Зора выкинула бычок и прикурила новую сигарету. Постукивая каблуком об пол, она оглядела подругу со смешанным чувством удивления и восхищения. Фио прислонилась к стене и, откинув прядь со лба, засунула руки в широкие карманы своего старенького твидового пальто. Лампочка, тускло освещавшая лестничную клетку, автоматически погасла. В темноте сверкнул огонек Зориной сигареты. Фио протянула руку и снова зажгла свет.

— Я тебя обожаю, дорогая. Ты невероятна. Итак, Аберкомбри наконец-таки умер. Ему уж верно было больше ста. И, судя по твоей беспечности, ты не представляешь себе, кем был этот «некто по имени Амброз Аберкомбри»…

— Вовсе нет, я прекрасно знаю, кто он. Он занимался искусством.

— Красиво сказано. Но Аберкомбри искусством не занимался, он им был. Он автор сценария истории искусства последних восьмидесяти лет. Большинство знаменитых творцов нашего века всем обязаны Аберкомбри. Открой какую угодно книгу по современному искусству и на любой странице ты наткнешься на его имя. Если считать мир искусства Организацией Объединенных Наций, то его можно назвать Соединенными Штатами. Но, черт возьми, тебе стоит почитать газеты.

— При моих занятиях у меня не так уж много времени, чтобы изучать новости культуры.

— Конечно-конечно, но поверь мне, о своих занятиях ты можешь теперь забыть. Так или иначе, все это болтовня! А то, что Аберкомбри заинтересовался твоими работами, это очень хороший знак. Ты получишь кучу денег. Я всегда знала, что ты гениальна, дорогая. В общем, забирай деньги и сматывайся.

— Что ты о нем знаешь?





— То же, что и все, кому нет никакого дела до этого дрянного мира искусства, не более того. А именно, что Аберкомбри это Моисей. Кроме того, он славился своей скрытностью, и вот уже много лет его никто не видел. Но он по-прежнему все ниточки держал в своих руках.

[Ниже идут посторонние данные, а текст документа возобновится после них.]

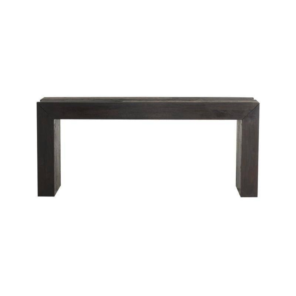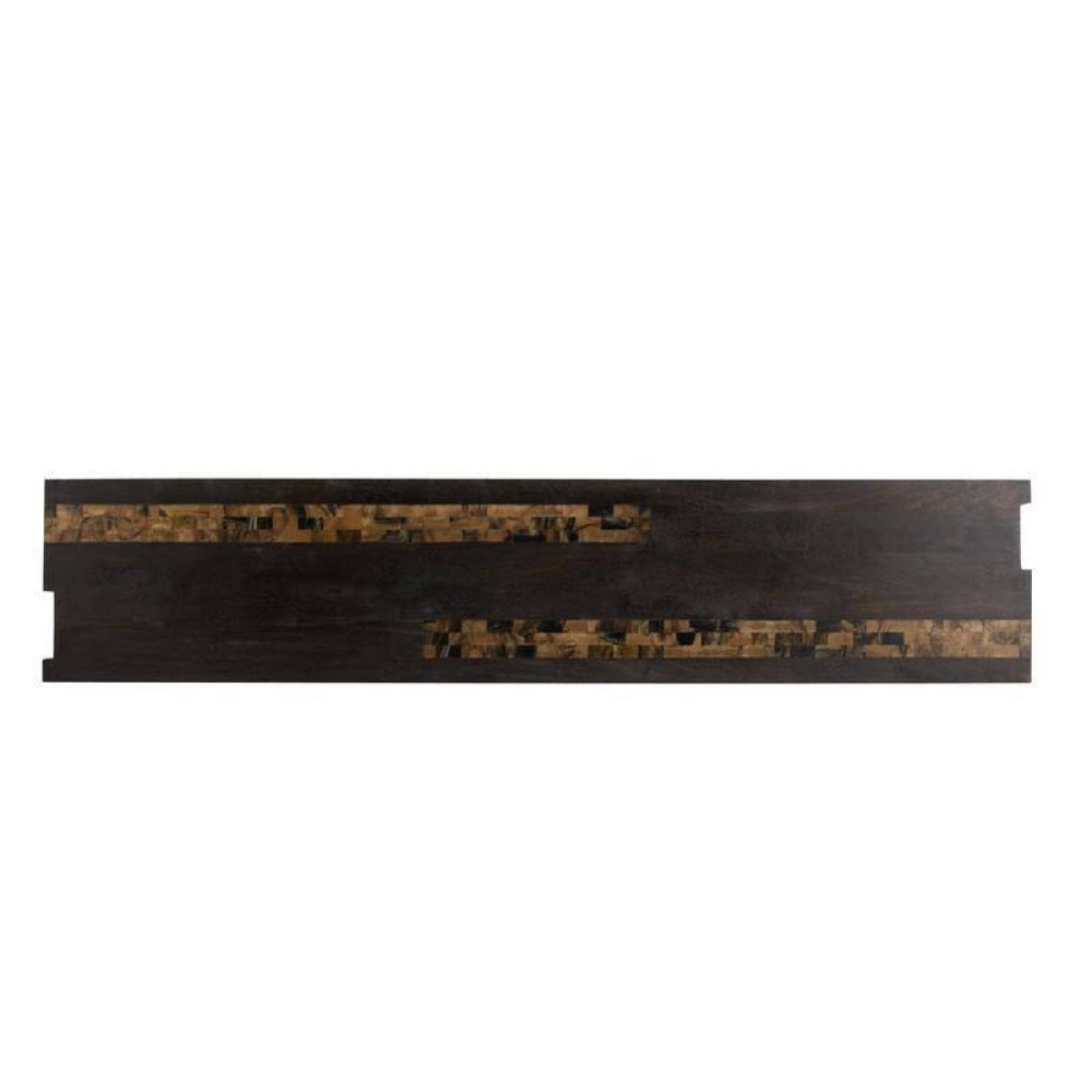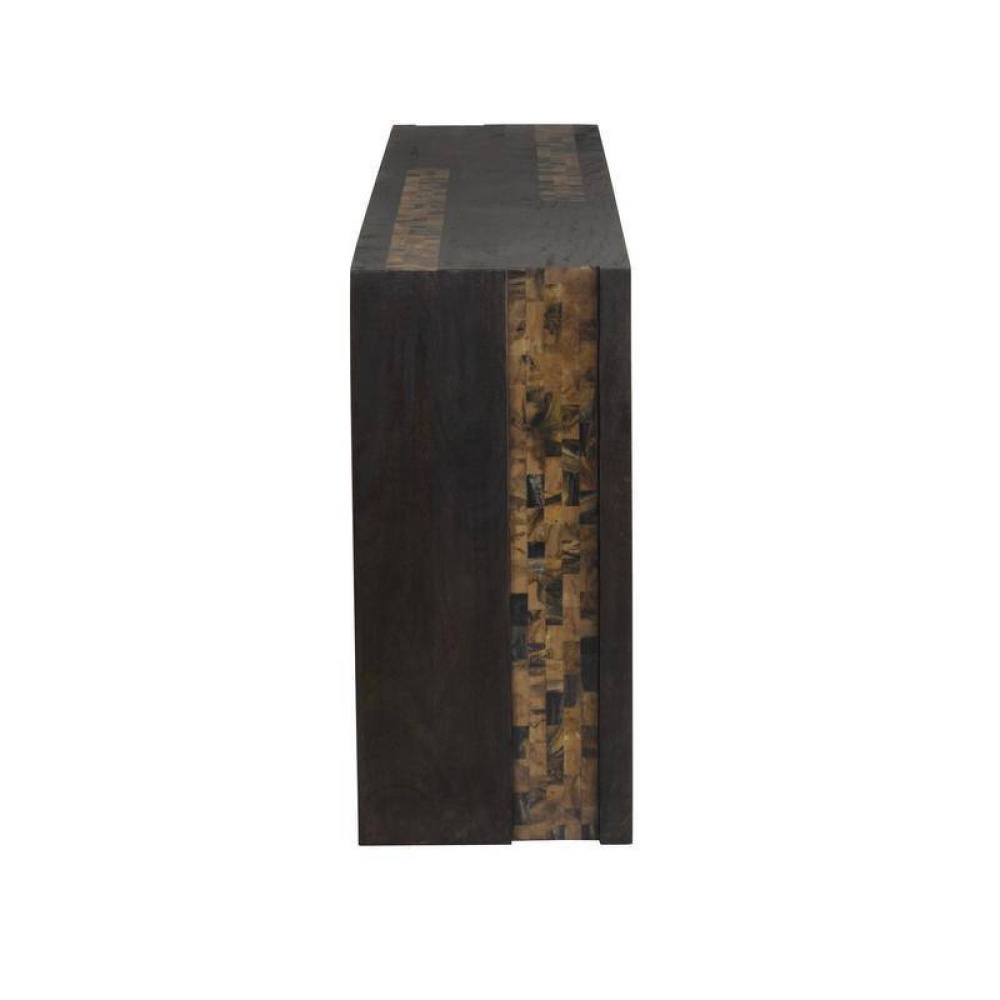 The thick waterfall silhouette of this umber mango wood table makes a chic statement in the entry or hallway. An inset of racing stripe of natural faux horn resin cascades from the narrow top down the sides, assuring a visual impact from every angle. Finish will vary.

Новость поначалу привела Зору в замешательство, но она быстро оправилась. Она была рада за Фио и преисполнена прямо-таки материнской гордостью. Она никогда не могла себе представить подругу в роли судьи или адвоката. В пьянящем возбуждении от собственных открытий и многообещающих перспектив подруги принялись строить планы на завтрашний день, который с самого утра намеревались посвятить предстоящему событию. Завтра, в воскресенье, по всему району открывались рождественские ярмарки. А это было поважнее всех Аберкомбри и Шарлей Фольке вместе взятых.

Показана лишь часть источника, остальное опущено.